I guess my answer to Mr.Feynman's question was assuming that he also wants to apply his actual physics skills & knowledge in some manner in said job
@Mr.Feynman If you have a strong grasp of C that's an amazing starting point to learn OOP languages like C++, Java, C# and probably several others languages that basically expand on the C syntax albeit with varying degrees of (at times, crucial) alterations of syntax. Anyway the major alteration is conceptual in understanding the "Object oriented" business, but since that was invented to make programming ultimately easier, it shouldn't be difficult
ofc. Question is also, whether you like this stuff or not. Liking in this context means probably sitting every day for at least a good 5-6 hours and writing code with this stuff ;)

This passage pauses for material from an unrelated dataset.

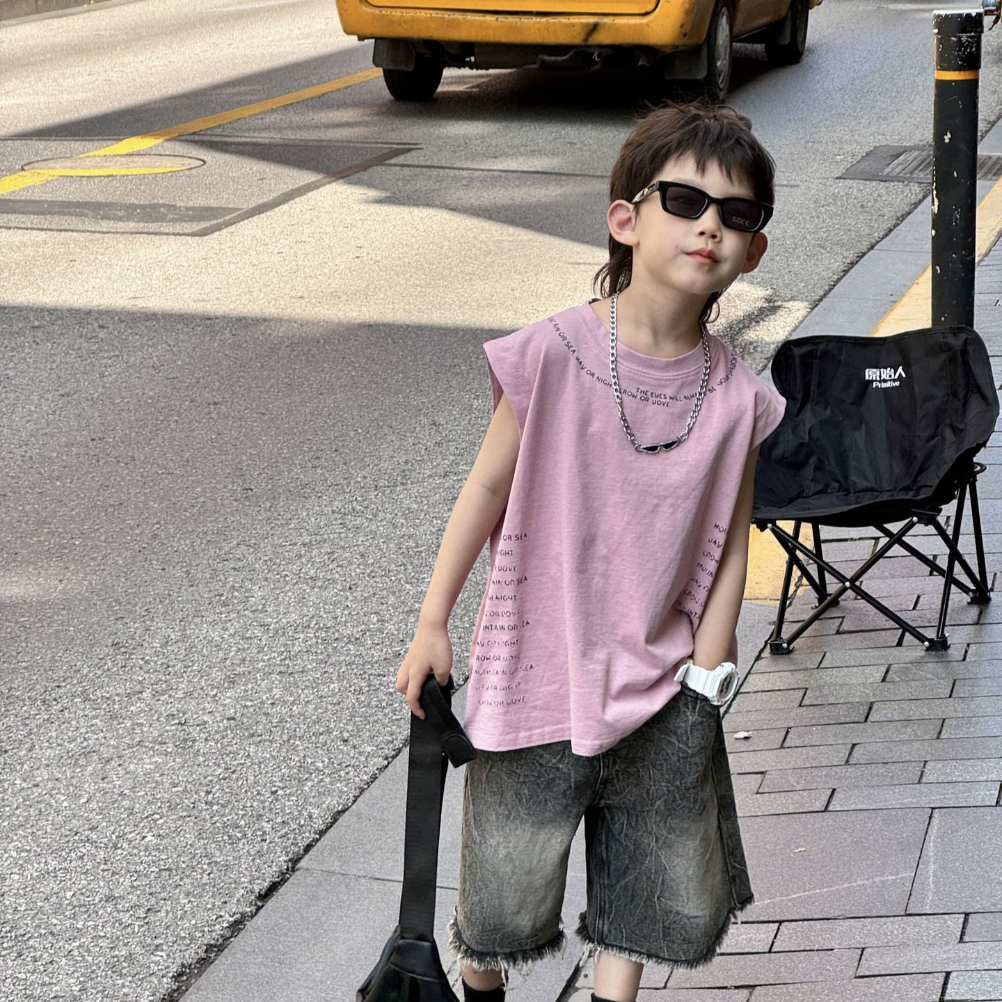 泰如夏季新款韩版男童字母洋气百搭套头纯色无袖T恤儿童上衣

Yeah C++ is kind of the dinosaur of OOP. C# & Java are a bit more modern in that genre. Then there's Python, which is just too "cool" to be "just OOP" -- it is very multi-paradigm
Anyway, if you're at the end of MSc it definitely makes sense to weigh the options
i would say other parameters are fine even in QM, as long as u know how to convert between them and time
but in quantum gravity, a strange problem arises, as the actual time becomes quantum mechanical, while the parameter time stays a parameter
so the theory becomes non predictive, as the parameter time can't be measured in experiments
in Wheeler Dewitt equation, this problem doesn't arise. But this theory does not have parameter time (i think), and the actual time is quantum mechanical
@RyderRude there's this new interesting (in my mind) question, when I read it I thought the linked article is the type of thing that's exactly up your street ;)
> In other words, in an "interaction-free" measurement, there is an interaction, and it triggers the collapse process, which then impertinently deletes it from existence.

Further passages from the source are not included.